(AVAILABLE DATA begins)
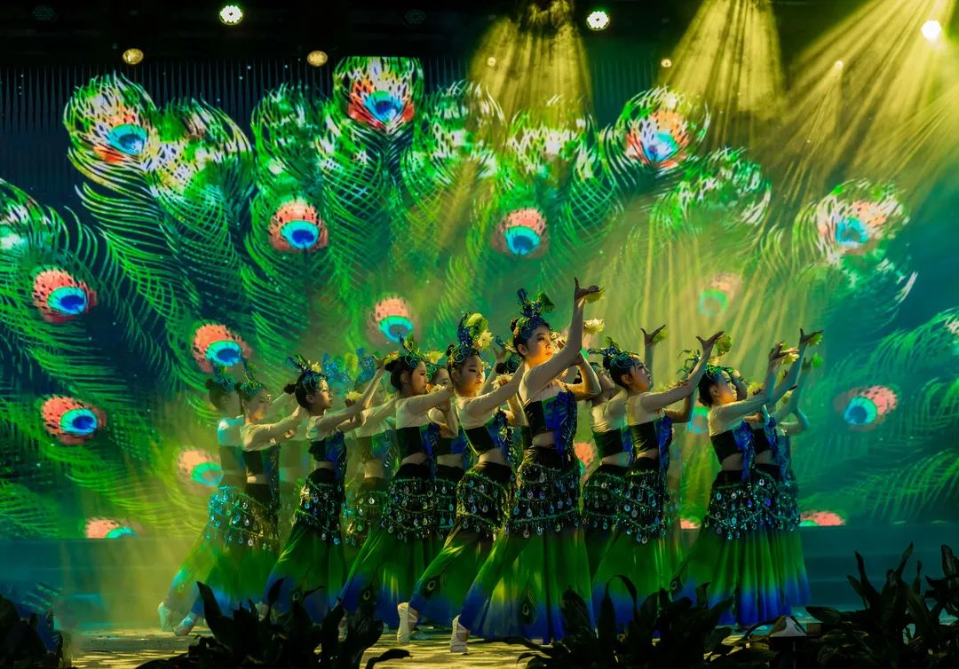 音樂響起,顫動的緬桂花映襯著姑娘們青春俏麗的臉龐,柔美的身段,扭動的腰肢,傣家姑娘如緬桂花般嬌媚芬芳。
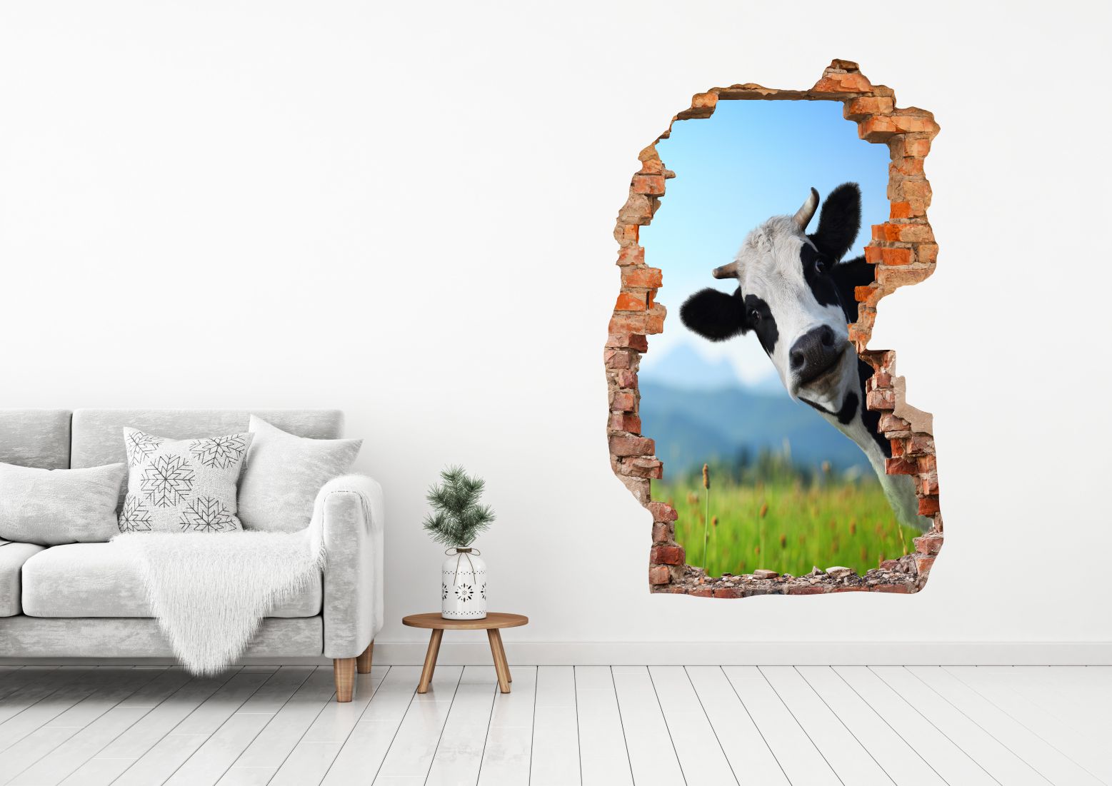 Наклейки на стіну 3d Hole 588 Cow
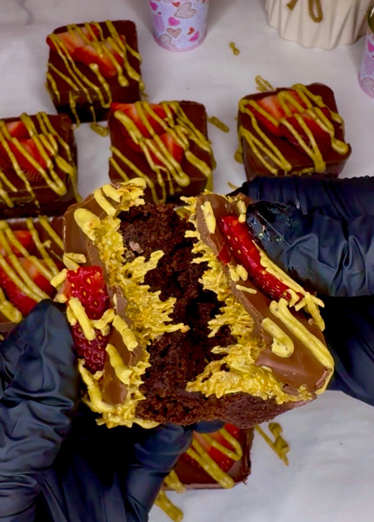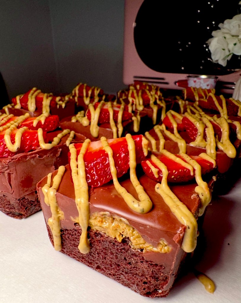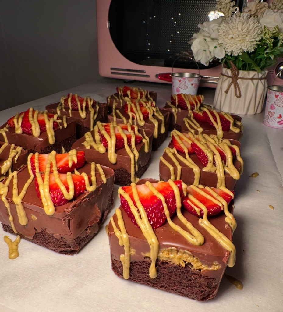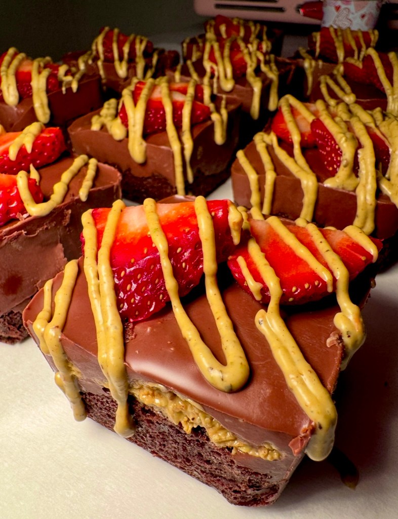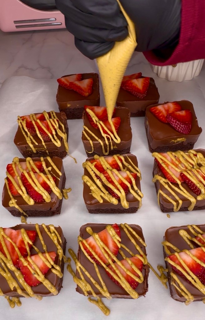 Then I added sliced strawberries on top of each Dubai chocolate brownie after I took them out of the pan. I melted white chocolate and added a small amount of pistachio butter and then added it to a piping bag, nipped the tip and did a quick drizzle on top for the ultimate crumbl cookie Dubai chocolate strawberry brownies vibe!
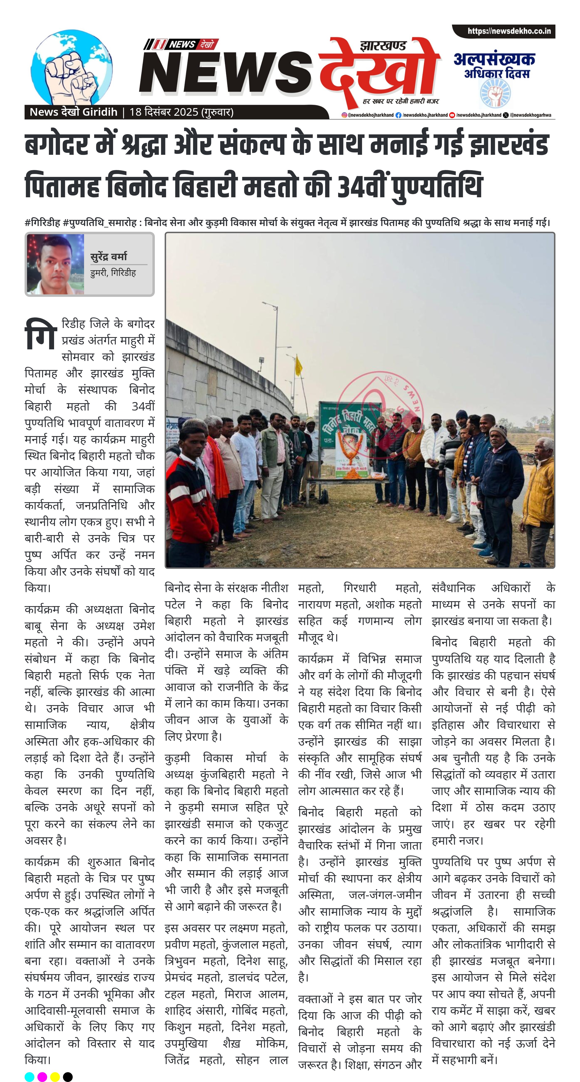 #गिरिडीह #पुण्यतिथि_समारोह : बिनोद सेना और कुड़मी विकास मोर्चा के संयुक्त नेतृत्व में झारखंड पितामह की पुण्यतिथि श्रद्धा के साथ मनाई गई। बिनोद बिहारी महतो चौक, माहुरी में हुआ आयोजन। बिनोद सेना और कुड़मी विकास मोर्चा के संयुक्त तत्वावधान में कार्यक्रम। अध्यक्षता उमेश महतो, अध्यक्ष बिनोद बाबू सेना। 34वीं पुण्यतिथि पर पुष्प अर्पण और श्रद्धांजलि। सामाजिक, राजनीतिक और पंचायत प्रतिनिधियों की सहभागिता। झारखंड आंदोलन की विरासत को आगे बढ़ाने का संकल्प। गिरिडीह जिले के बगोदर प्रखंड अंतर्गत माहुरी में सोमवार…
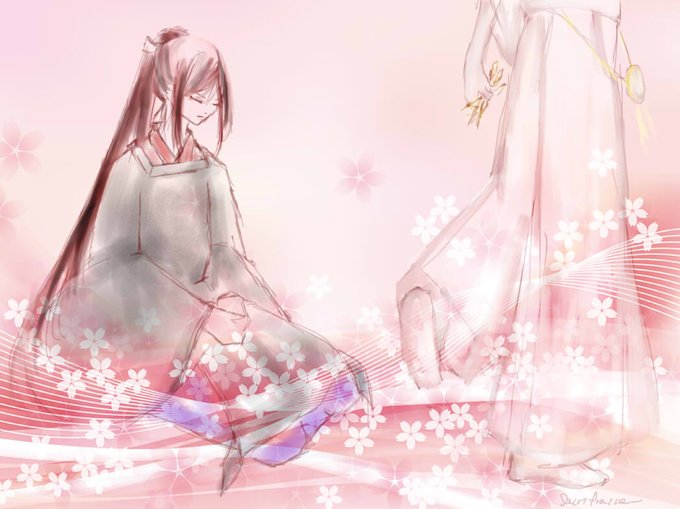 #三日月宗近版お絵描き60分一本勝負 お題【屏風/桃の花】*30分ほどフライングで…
(AVAILABLE DATA ends)
INSTRUCTIONS FOR THE TASK: Write out only the lines from the one that contains "#गिरिडीह #पुण्यतिथि_समारोह : बिनोद" through the last line of the records above, both included, word for word and without the pictures.

YOUR SOLUTION:
 #गिरिडीह #पुण्यतिथि_समारोह : बिनोद सेना और कुड़मी विकास मोर्चा के संयुक्त नेतृत्व में झारखंड पितामह की पुण्यतिथि श्रद्धा के साथ मनाई गई। बिनोद बिहारी महतो चौक, माहुरी में हुआ आयोजन। बिनोद सेना और कुड़मी विकास मोर्चा के संयुक्त तत्वावधान में कार्यक्रम। अध्यक्षता उमेश महतो, अध्यक्ष बिनोद बाबू सेना। 34वीं पुण्यतिथि पर पुष्प अर्पण और श्रद्धांजलि। सामाजिक, राजनीतिक और पंचायत प्रतिनिधियों की सहभागिता। झारखंड आंदोलन की विरासत को आगे बढ़ाने का संकल्प। गिरिडीह जिले के बगोदर प्रखंड अंतर्गत माहुरी में सोमवार…
 #三日月宗近版お絵描き60分一本勝負 お題【屏風/桃の花】*30分ほどフライングで…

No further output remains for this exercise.